1. Holocaust Museum - where infamy achieves
immortality, by Charles Krauthammer. The Washington Post, Friday,
April 23, 1993.
Although this analogy may seem extreme at first glance, I
would like to emphasize that I am only comparing the psychology
and effects of the methods employed in these two situations - not
the actual events themselves.
At the inception of the Holocaust, individual rights were
slowly abridged; minor ones at first. As Pat Robertson writes in
his book, "The New World order," "false propaganda, ridicule, and
demeaning comments" were all heaped upon the Jews by the Nazi's in
Hitler's Germany. "First they were ridiculed and blamed for the
economic collapse of Germany. Then they were denied a few rights
of citizenship. Then they were crowded into restricted ghettos.

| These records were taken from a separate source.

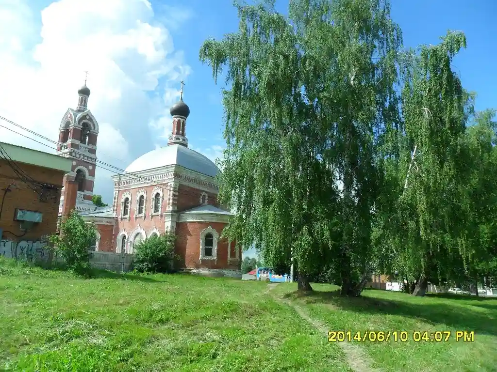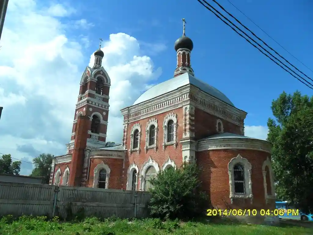 Одноглавая кирпичная церковь в псевдорусском стиле с трапезной и высокой колокольней.
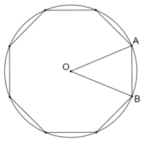 Cho một bát giác đều (đa giác đều có 8 cạnh) nội tiếp một đường tròn tâm O. Kẻ các đoạn thẳng nối O với các đỉnh của đa giác và chia đa giác thành 8 tam giác nhỏ cân tại đỉnh O. Ba góc của mỗi tam giác nhỏ có số đo bằng bao nhiêu?
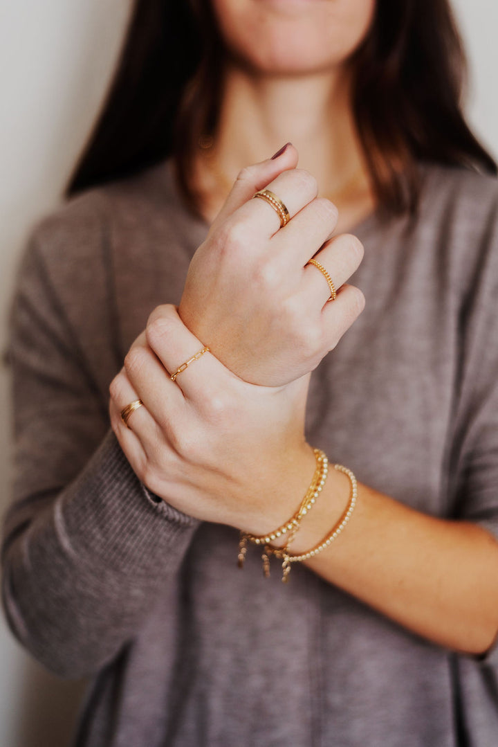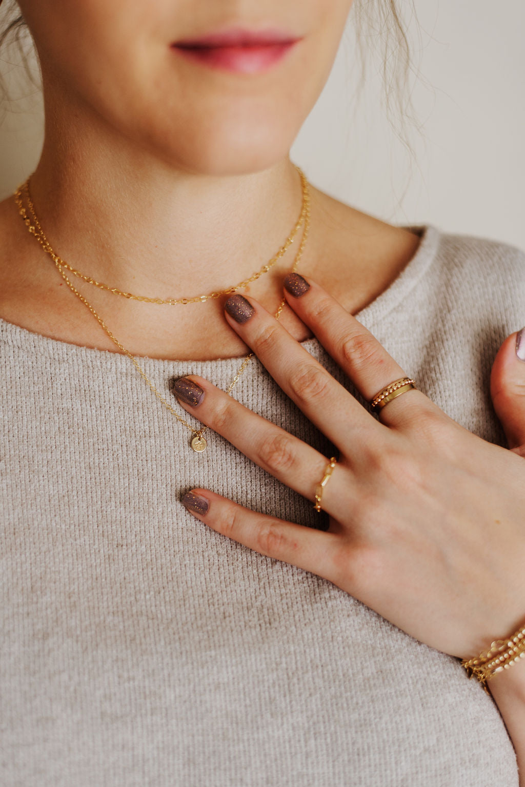 Using all Gold Filled pieces to ensure your jewelry lasts you on your every day adventures. The core is a jeweler's brass and has real solid gold pressure bonded around it. It has a permanent bond. Unlike gold plated jewelry, gold filled will not chip away. It has 100 times more gold than gold plated.
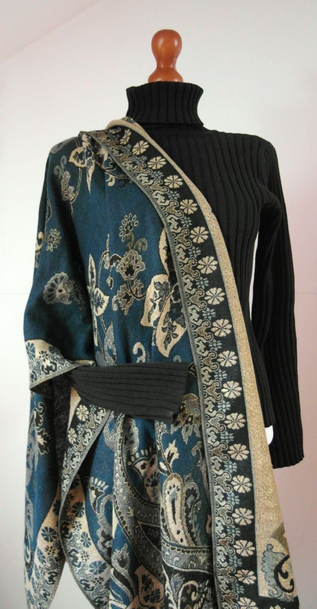 Dwustronny,duży szal złoto zielony.
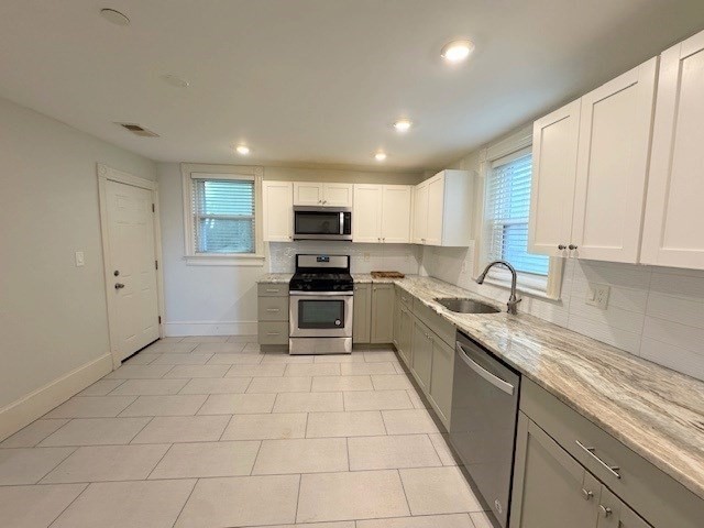 Available May 1st. Spacious 2Bed 2Full Bath Condo, w/Central AC, In-Unit Laundry, Private Outdoor Space, Extra Storage, & modern finishes. Located in East Boston, Orient Heights neighborhood. Literal steps to the Suffolk Downs Blue Line station and Orient Heights Station. Two blocks off of Route 1A, minutes to I-93, quickly accessible to Belle Isle, Winthrop, and endless commercial activity, storefronts, dining & entertainment. The unit is located on a raised first floor of a three-unit condo building, with a private entrance. As you enter, you are greeted by a nice entranceway with large coat closets, and a hallway that leads to all areas of the apartment. There are two large bedrooms with good closet space, 2 spacious full bathrooms, and a great layout between an absolutely enormous eat-in-kitchen and a big living room. The kitchen and living room share an open layout great for entertaining. Off the rear of the unit is a private patio and in the basement you will find a storage area.
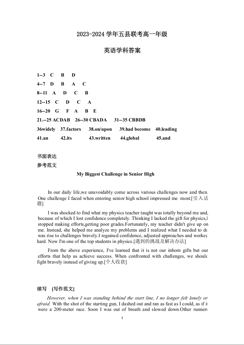 河南省开封市五县联考2023-2024学年高一上学期12月期中考试英语答案
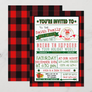 Red green ugly sweater Christmas party invitation
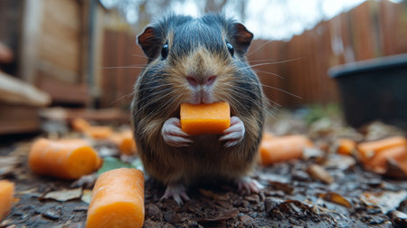 A small guinea pig with soft fur is holding a piece of carrot in its paws. The animal sits on a vibrant light blue surface, creating a cheerful atmosphere.

And finally their property and their lives were taken from them."
As I wrote in Roundup in 1986: "The populace used denial to
explain away and minimize the importance of successive incursions
upon their Liberty and Freedom. As time wore on their dignity was
slowly stripped away; they coped, and survived, for a
time..."2 Eventually, all will and determination were
gone, and the controlling forces were easily able to shepherd the
subdued masses. By implementing regimentation slowly, step by
nefarious step, resistance had been effectively nullified.
It is all too clear that the federal government, in a
forcefully determined and progressive fashion, is artificially
fragmenting and dissolving the integrity of the medical
profession.
2. Roundup, Maricopa County Medical
Society News, Vol. 32, No. 11, November 1986, p.9.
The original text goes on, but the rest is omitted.